### [Exercise goal]
Word for word, retype the first line of the records and every following line through the one containing "Unas manos después".

### [Supplied information]
━━━━━━━━━━━━━━━━━━━━

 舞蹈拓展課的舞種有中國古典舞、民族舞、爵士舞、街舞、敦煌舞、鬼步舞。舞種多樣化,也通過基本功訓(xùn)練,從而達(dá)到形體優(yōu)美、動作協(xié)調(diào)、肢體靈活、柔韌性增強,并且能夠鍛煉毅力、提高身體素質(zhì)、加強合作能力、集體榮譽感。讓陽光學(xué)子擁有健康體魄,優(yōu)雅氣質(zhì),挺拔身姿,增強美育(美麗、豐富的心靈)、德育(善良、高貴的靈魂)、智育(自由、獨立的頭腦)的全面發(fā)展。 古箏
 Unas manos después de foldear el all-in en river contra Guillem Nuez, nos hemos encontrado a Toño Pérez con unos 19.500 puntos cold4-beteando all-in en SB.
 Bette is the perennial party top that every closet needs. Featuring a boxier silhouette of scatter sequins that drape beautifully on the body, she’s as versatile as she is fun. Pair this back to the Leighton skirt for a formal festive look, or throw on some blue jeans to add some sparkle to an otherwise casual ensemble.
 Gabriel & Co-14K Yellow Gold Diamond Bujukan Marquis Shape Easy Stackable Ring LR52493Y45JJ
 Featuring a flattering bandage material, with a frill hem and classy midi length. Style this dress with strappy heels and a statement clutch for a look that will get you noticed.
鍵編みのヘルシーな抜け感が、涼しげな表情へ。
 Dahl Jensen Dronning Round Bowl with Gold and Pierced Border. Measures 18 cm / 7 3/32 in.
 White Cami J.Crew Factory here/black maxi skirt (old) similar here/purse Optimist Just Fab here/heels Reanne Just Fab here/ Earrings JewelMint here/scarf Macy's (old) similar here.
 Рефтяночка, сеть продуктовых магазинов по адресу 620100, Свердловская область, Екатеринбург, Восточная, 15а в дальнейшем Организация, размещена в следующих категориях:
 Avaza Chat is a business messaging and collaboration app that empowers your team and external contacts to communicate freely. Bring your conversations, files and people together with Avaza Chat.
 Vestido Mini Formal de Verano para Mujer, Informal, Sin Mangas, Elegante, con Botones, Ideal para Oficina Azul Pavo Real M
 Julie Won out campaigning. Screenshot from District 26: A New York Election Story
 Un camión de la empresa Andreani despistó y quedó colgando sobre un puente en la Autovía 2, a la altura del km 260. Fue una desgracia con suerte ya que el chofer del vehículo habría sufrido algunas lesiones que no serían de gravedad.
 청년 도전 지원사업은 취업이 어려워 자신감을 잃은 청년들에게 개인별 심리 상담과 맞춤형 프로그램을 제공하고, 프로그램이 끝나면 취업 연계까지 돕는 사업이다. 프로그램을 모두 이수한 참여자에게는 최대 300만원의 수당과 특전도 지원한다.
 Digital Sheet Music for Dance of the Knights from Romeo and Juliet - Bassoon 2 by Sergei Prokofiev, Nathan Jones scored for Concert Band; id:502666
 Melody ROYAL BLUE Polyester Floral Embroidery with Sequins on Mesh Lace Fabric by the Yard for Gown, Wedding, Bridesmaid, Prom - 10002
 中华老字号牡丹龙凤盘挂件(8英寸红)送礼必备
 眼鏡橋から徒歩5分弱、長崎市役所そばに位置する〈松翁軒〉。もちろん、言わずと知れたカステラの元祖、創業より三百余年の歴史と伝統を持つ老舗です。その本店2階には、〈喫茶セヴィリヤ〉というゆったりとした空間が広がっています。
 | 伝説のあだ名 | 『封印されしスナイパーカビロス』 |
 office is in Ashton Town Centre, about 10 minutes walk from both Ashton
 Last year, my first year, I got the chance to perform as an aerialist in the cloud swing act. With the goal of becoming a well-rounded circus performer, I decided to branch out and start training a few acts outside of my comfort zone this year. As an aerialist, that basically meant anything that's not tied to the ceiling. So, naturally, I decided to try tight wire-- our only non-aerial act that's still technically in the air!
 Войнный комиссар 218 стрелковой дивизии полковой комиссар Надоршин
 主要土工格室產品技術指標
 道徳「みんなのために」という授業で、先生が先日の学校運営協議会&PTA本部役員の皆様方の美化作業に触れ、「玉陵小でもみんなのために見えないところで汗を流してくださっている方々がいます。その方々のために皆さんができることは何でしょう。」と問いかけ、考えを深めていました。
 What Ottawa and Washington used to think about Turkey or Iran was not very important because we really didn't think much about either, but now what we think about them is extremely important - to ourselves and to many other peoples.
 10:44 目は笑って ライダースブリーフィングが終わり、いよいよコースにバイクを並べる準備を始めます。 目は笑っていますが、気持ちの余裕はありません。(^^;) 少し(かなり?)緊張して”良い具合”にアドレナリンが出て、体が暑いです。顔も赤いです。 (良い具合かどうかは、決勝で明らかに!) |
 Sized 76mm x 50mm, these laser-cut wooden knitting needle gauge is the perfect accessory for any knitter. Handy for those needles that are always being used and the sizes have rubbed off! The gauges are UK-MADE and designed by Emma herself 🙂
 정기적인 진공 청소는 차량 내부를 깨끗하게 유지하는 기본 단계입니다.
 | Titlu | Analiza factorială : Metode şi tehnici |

━━━━━━━━━━━━━━━━━━━━

### [Response area]
 舞蹈拓展課的舞種有中國古典舞、民族舞、爵士舞、街舞、敦煌舞、鬼步舞。舞種多樣化,也通過基本功訓(xùn)練,從而達(dá)到形體優(yōu)美、動作協(xié)調(diào)、肢體靈活、柔韌性增強,并且能夠鍛煉毅力、提高身體素質(zhì)、加強合作能力、集體榮譽感。讓陽光學(xué)子擁有健康體魄,優(yōu)雅氣質(zhì),挺拔身姿,增強美育(美麗、豐富的心靈)、德育(善良、高貴的靈魂)、智育(自由、獨立的頭腦)的全面發(fā)展。 古箏
 Unas manos después de foldear el all-in en river contra Guillem Nuez, nos hemos encontrado a Toño Pérez con unos 19.500 puntos cold4-beteando all-in en SB.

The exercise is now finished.